In the last four years, Chandra has been dabbling in other facets of the food business. He collaborated with the German modular kitchen brand Nolte for The Social Kitchen campaign, which focuses on making the kitchen the heart of urban homes. He is on the advisory board of Goa’s Serendipity Arts Festival, where he curates a platform to explore indigenous cultures around cuisines, through lectures and tasting series with the view that art and food can overlap.

Last week, he bid adieu to the Olive group after 17 years. In an interview with Lounge, he talks about what creates food trends, being a voracious reader and his plans.

Are you feeling liberated after working so hard for 17 years?

Liberated would not be the right word. It's been a deeply personal, emotional and invested journey. This (Olive) is really my coming away, my growing up and my formative years, and to leave is very, very difficult. I slept at that restaurant (Olive Beach, Bengaluru) hundreds of times. It's the only home I have known. I've changed apartments but I have not moved from this place. There's a sense of loss as well as a sense of elation, which comes from the fact that I can now start focusing on a lot of other things that I've always wanted to. But the nature of restaurant work is such that it becomes difficult to multitask, especially if you're a very driven, passionate hands-on person. I'm hopeful of finally being able to carve a little time for myself. I like music, art and I read voraciously.

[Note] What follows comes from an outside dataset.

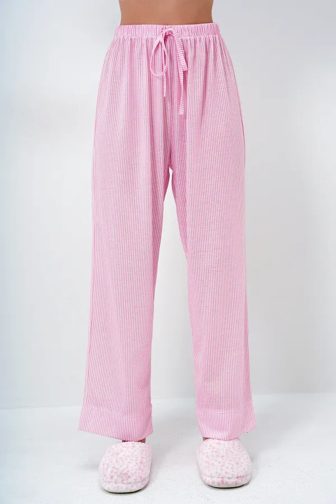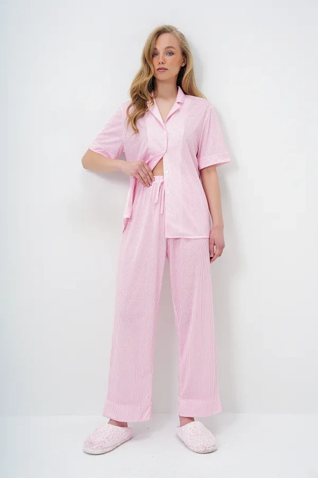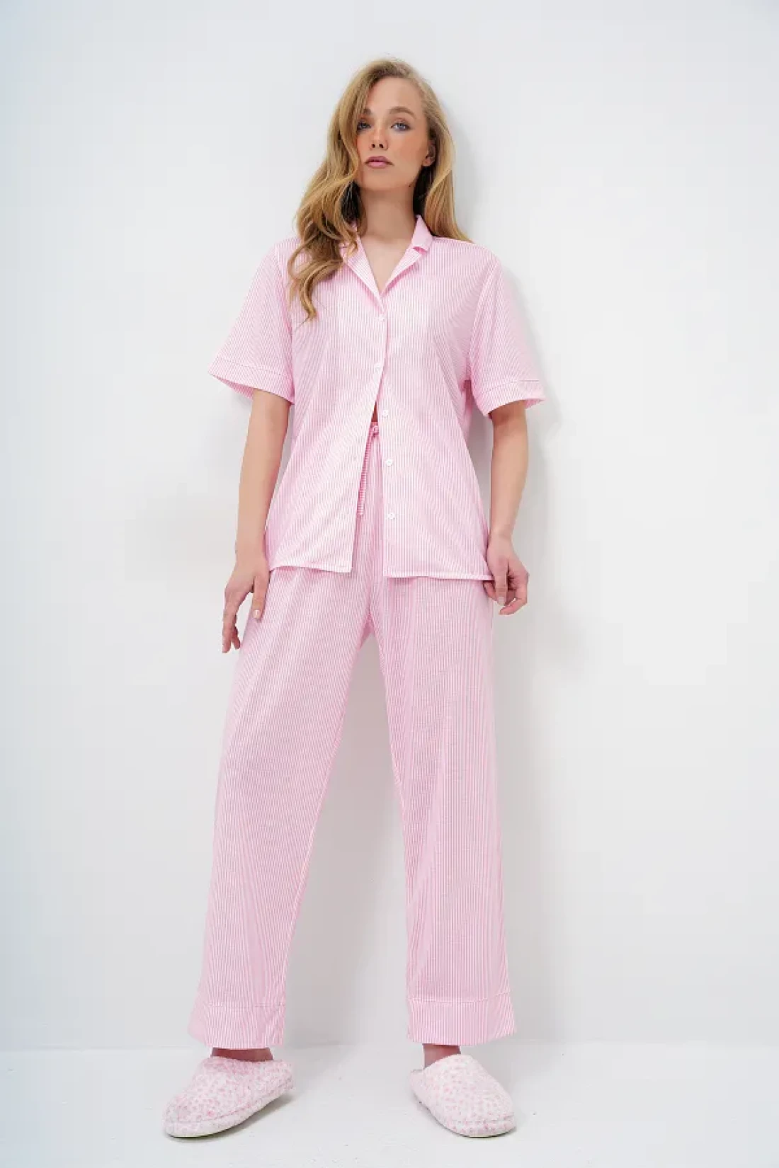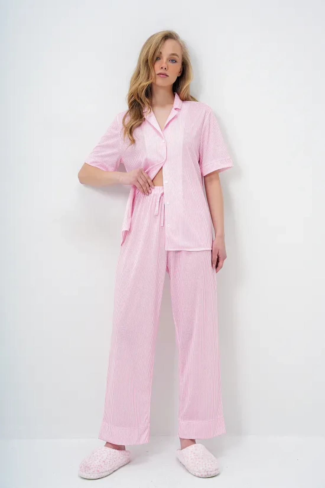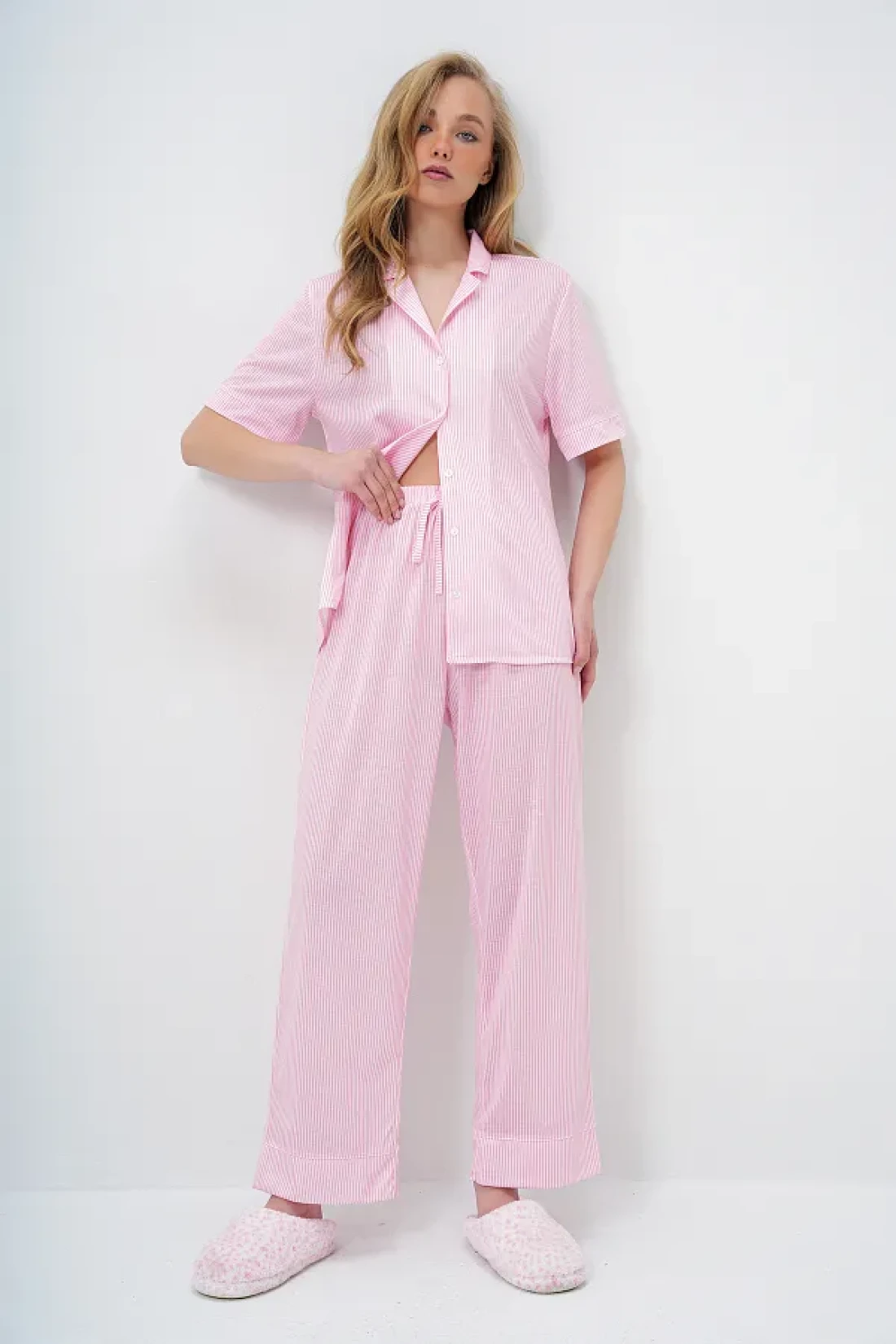Trend Alaçatı Stili طقم بيجامة وقميص وبنطلون مخطط بأكمام وأرجل مزدوجة وردي اللون للنساء PJM-X13918

Plus, I have varied interests in food itself, be it academic or intellectual pursuits, blending food and art in some form, or encouraging talent outside of the culinary headspace.

What are you reading now?

I just finished Avi Loeb’s Extraterrestrial. Right now, I’m going through the Hilary Mantel Wolf Hall series and loving it. I just picked up a couple of books on pure science, mostly about fermentation and a lot to do with chemical reactions on food. Then there's Vir Sanghvi’s book, Rude Life. Usually, I do about three to four books simultaneously.

You introduced concepts like gastro-pubs and made baos trend. Now, we see them everywhere. Do you think food is commodified these days?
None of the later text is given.